Nash’s monster, fitting the Jason mythos, has no inner life, and so we are chained for 90 minutes to a non-entity. The killings are flamboyantly brutal but have little sense of suspense. This is all purposeful. Nash has made a movie that’s less a slasher than a slow-cinema study of the genre’s mechanics. He draws sequences out, dissecting them so that we can see how they work. In one instance, Nash authentically finds a new way for mining suspense. The monster walks into a lake in the foreground of an image, submerges into the water toward the swimming campers in the deep background, and Nash holds the shot for an eternity as we wait for the monster to get his prey. That moment has a godless bite, although even here the punchline is bizarrely whiffed.

Nash is eerily good at capturing the campfire atmosphere of a “Friday the 13th” movie, which was always their best quality, and he’s got an equally canny instinct for the fraught noodling about that animates slow cinema. The funny thing about “In a Violent Nature” is that it reveals true similarities between slow cinema and D-horror movies, suggesting that both are about the long interminable waiting in between moments of stimulation.
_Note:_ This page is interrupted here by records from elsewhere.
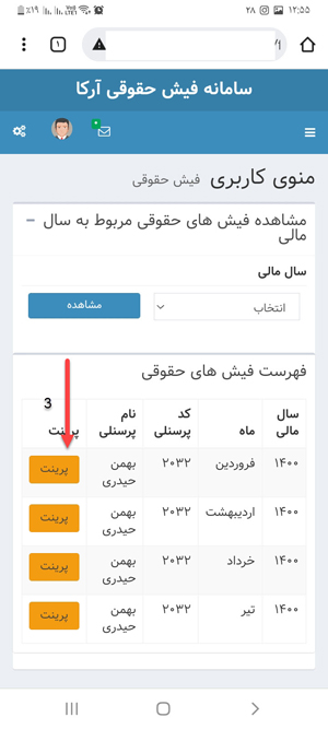 3- در اين بخش بعد از انتخاب سال مالي و کليک روي رکمه مشاهده فيش هاي صادر شده براي ما به نمايش در مي آيد و با انتخاب دکمه پرينت وارد صفحه پرينت فيش حقوقي ميشويد
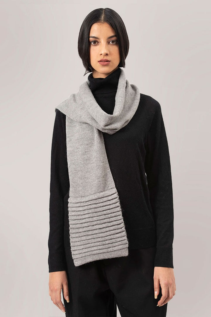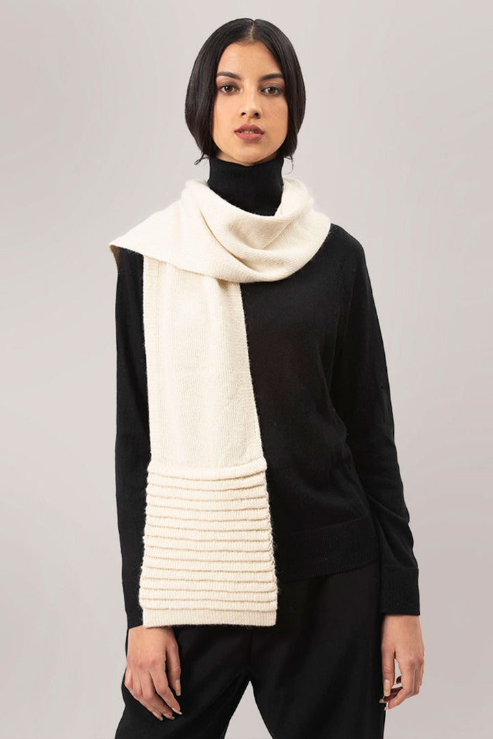 Beautiful knitted 100% Baby Alpaca Scarf with ribbed ends. The chunky knit you warm and stylish in any weather. Made from sustainable 100% Baby Alpaca.
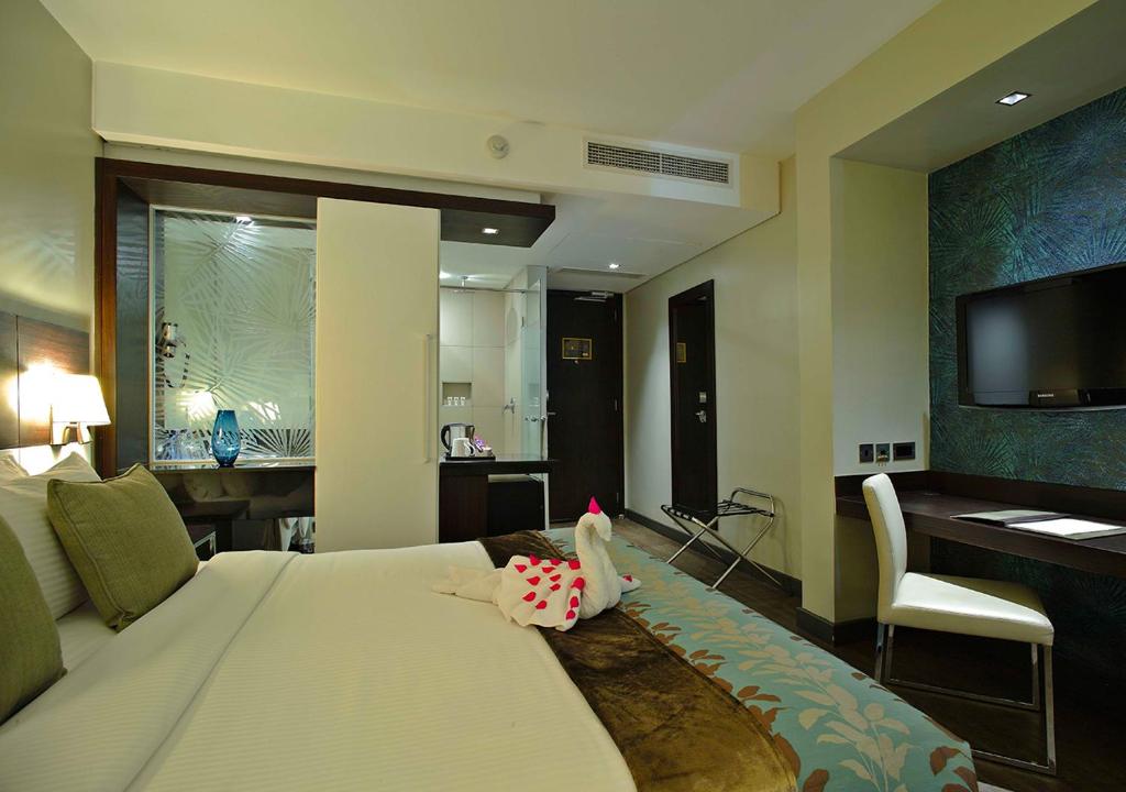 This air-conditioned room is elegantly decorated and includes a flat-screen TV, tea-and-coffee making facilities and small fridge. There are views of the swimming pool and lush gardens. The bathrooms features a rain shower. This room also comes with a free handy phone for free local and selected international calls.

Both forms of cinema suggest that “waiting” is most of our existence, whether we’re a horny-sexy camper, a paunchy manager at Papa’s Johns, or an unkillable emissary of the undead. Is Jason one of us, God’s lonely creatures?

It’s more diverting to toss that stuff around retrospectively than it is to sit through this stultifying, freeze-dried movie. Just when you think that “In a Violent Nature” can’t get any slower, Nash springs a sequence with a “Friday the 13th” veteran that wears its pointlessness proudly. Yes, the purpose that’s meant to be conjured upon contemplation is easy enough to discern: this conversation is marked by the dread of what might, but of course doesn’t, happen. I confess to not knowing what’s meant to be gleaned from disconnecting a visceral genre so decisively from its means of generating excitement though. I also confess to resenting this movie’s good reviews, when more empathetic treatments of slasher mythos, namely Rob Zombie’s “Halloween II,” have been vilified.

Underneath the stylish confidence of “In a Violent Nature” is something that’s about as ludicrous and self-conscious as “Sasquatch Sunset.” But, then again, there are no rules. A masturbating Sasquatch or a lonely Jason Jr. may be your Glen Powell.

“Hit Man” is now on Netflix. “In a Violent Nature” is in theaters everywhere.